First I ordered the numbers
2,3,3,5,5,5,6,7,7,8,10,13
I got the same median = 5.5
but for the IQR I got = 3.5
1st quartile = 4
3rd quartile = 7.5
IQR= 3.5
At6:11you can see the results of the spreadsheet
1st quartile = 4.5
3rd quartile = 7.25
IQR = 2.75
Is there a difference in how the spreadsheet computes the 1st and 3rd quartiles?(13 votes)
The Excel function QUARTILE is considered inaccurate. It treats the quartile like a percentile and then use linear interpolation to get the output. It's newer version QUARTILE.EXC is more preferable.
https://superuser.com/questions/343339/excel-quartile-function-doesnt-work
The algorithm of QUARTILE.EXC can be described somewhat like below:
- Calculate i = (n-1)/4
- 1st quartile = [i]th number + {i} * ([i+1]th number - [i]th number).

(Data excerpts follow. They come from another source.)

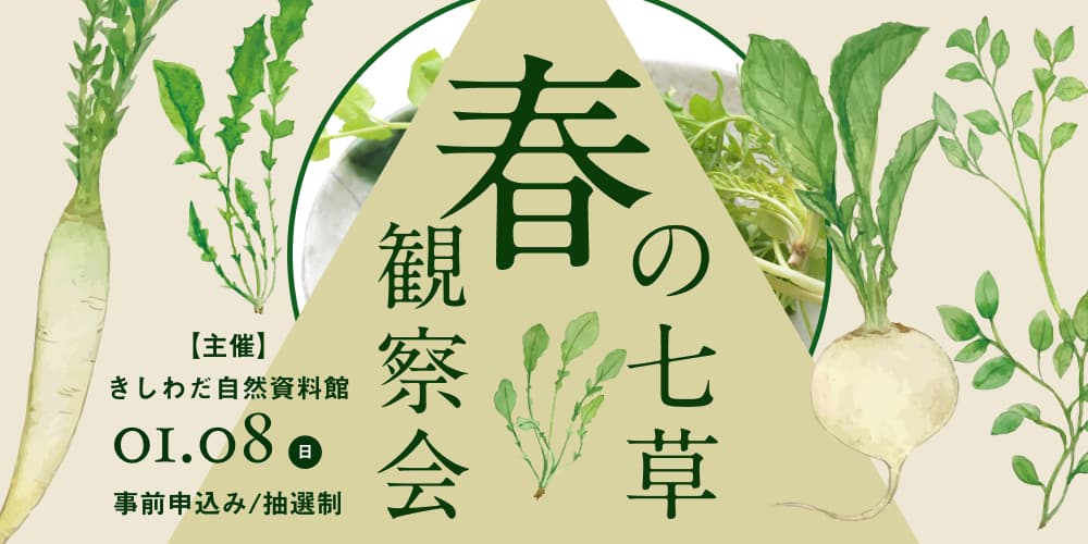【申込方法】往復はがきか電子メール(携帯電話からは不可)で、12月19日(必着)までに、保護者を含む参加者全員の郵便番号・住所・氏名・年齢か学年・電話番号を記入し、自然資料館「1日遅れの春の七草」係までお送りください。申込者多数の場合は抽選を実施します。なお、規定以外の方法でのお申し込みについては、失格となる場合がありますので、あらかじめご了承ください。電子メールおよび往復はがき1通につき1行事の申込でお願いします。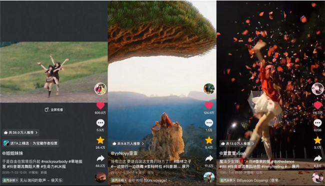 在拍摄手法上,通过构图定框架,场景衬风格,小巧思提质感等技巧,提升画面悦目感,为舞蹈注入独特的视觉记忆点,打造更具吸引力的舞蹈视频。例如,@姐姐妹妹 通过无人机速飞的高能运镜营造画面冲击感,结合错位拍摄增添趣味,获赞600.6w;@yyNoyy歪歪 用场景衬风格,让环境成为隐形滤镜,用森林、旷野等景观打造元气风,获赞124.9w;@萱萱萱xuan 则巧用雨伞和彩带,为舞蹈注入鲜活层次,获赞116.3w。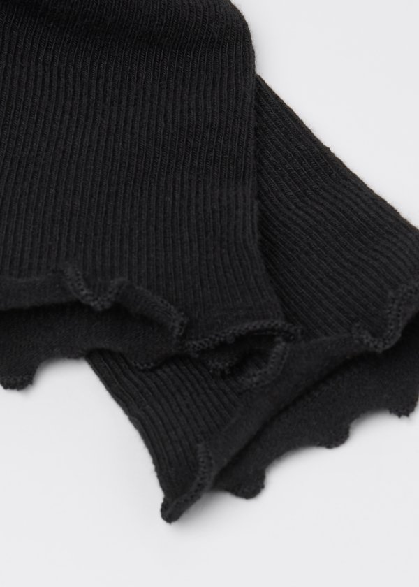 Очень комфортные женские короткие носки из мягкого кашемира и хлопка. Мелкий рубчик придает этой модели изысканный вид и эластичность, а романтичный волнистый бортик — женственность.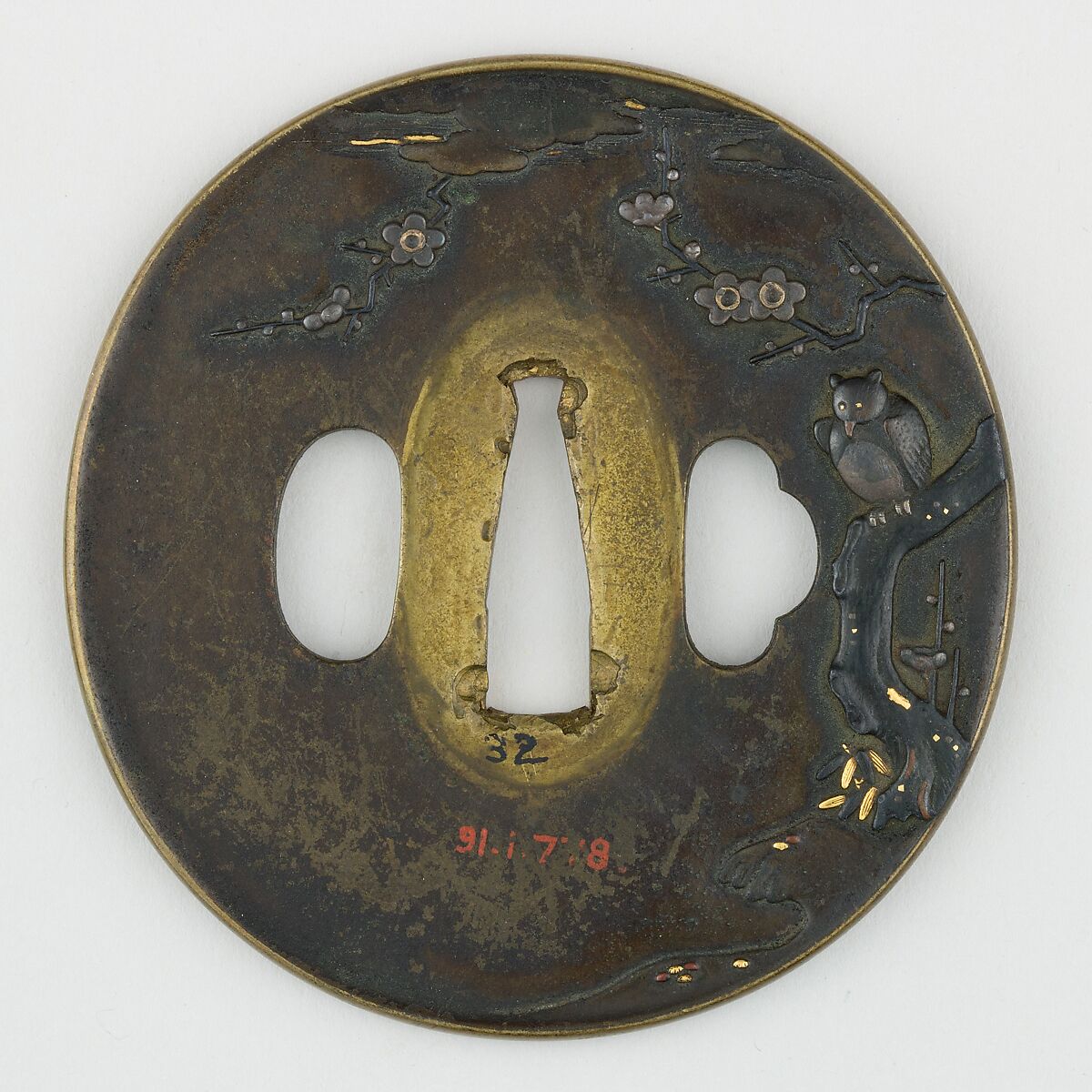 The obverse of this tsuba shows a plum tree with a horned owl (Japanese: mimizuku, 木菟) with one of the branches stretching onto the reverse. Most parts of the plate have been left undecorated and towards the top we see some clouds with gold accents.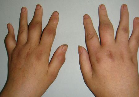 (3) 晨僵 95%以上的患者有关节晨僵。晨僵是指病变关节在夜间静止不动后,晨起时出现较长时间的受累关节僵硬和活动受限。晨僵常是关节受累的个症状,大多出现在关节疼痛之前,病情严重时全身关节均可出现僵硬感。起床后经活动或温暖后晨僵症状可减轻或消失。晨僵常伴有肢端或指(趾)发冷和麻木感。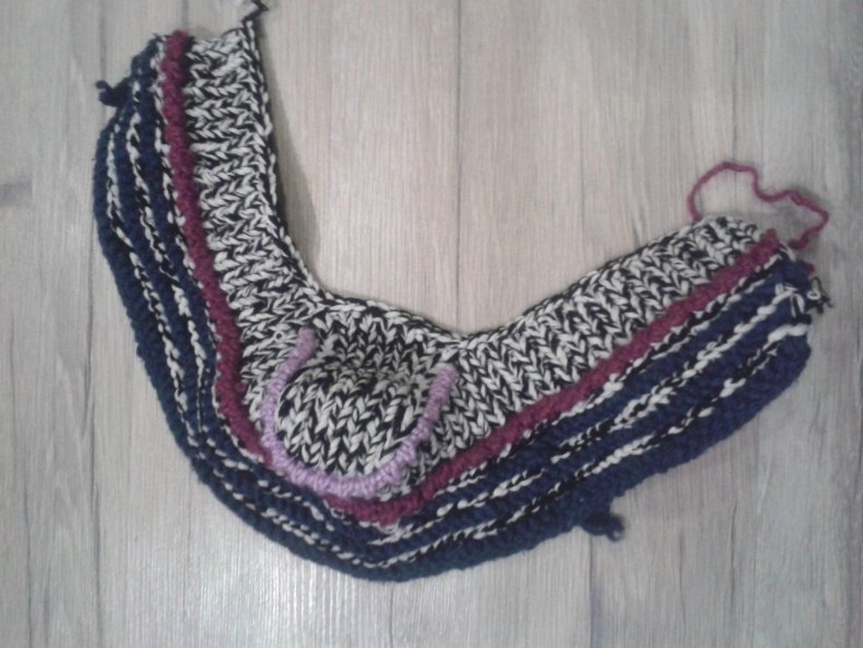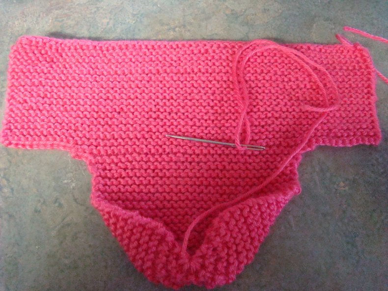 - Три последних петли проплести одной лицевой. Отрезать нитку, протянуть в открытую петлю и конец по изнаночной стороне убрать и сшить две стороны изделия.

Where [i] = the integral part of i, {i} = the decimal part of i.
- 2nd (or 3rd) quartile: Multiply i by 2 (or 3), then do the same process.

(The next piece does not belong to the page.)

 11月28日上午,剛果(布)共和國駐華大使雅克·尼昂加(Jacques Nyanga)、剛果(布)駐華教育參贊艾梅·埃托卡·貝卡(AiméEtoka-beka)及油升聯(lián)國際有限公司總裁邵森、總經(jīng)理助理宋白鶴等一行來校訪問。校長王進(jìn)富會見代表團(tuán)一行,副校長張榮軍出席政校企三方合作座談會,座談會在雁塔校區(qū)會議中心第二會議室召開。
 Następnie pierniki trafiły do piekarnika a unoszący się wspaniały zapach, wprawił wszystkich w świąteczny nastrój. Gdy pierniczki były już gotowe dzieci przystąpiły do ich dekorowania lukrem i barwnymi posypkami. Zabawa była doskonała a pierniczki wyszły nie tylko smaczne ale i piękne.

For example, in the lesson we have a set of data: 2,3,3,5,5,5,6,7,7,8,10,13
i = (12 + 1)/4 = 3.25
3 * i = 9.75
1st quartile = 3 + 0.25 * (5 - 3) = 3.5
3rd quartile = 7 + 0.75 * (8 - 7) = 7.75
IQR = 7.75 - 3.5 = 4.25
* Tested using QUARTILE.EXC in Excel.
An alternative recursive algorithm can be used where the data set is splitted into halves to find the median of each half, which is similar to what Sal taught.
Both algorithms produce values that separate the data set into groups of 25%. The algorithm implemented in QUARTILE doesn't.(16 votes)
Here how standard deviation is scaling if we scale data? If i add 5 to all data, SD is not increasing but if we multiply its increasing. But Multiplication is repeated addition, its same thing like adding 5 five times, then why it is scaling?(5 votes)- Because...
Say for example I have 4 and 8. The difference is 4, or in other words they are 4 apart. The ratio between them is 1 to 2 (8 = 2x4).
Now let's say I multiply both of those numbers by 5. They become 20 and 40. The ratio is exactly the same: 1 to 2. However, the difference between them is much bigger (20 now), because multiplying by the same number doesn't mean that you are adding the same thing. 5 x 4 = 4+4+4+4+4, and 5 x 8 = 8+8+8+8+8.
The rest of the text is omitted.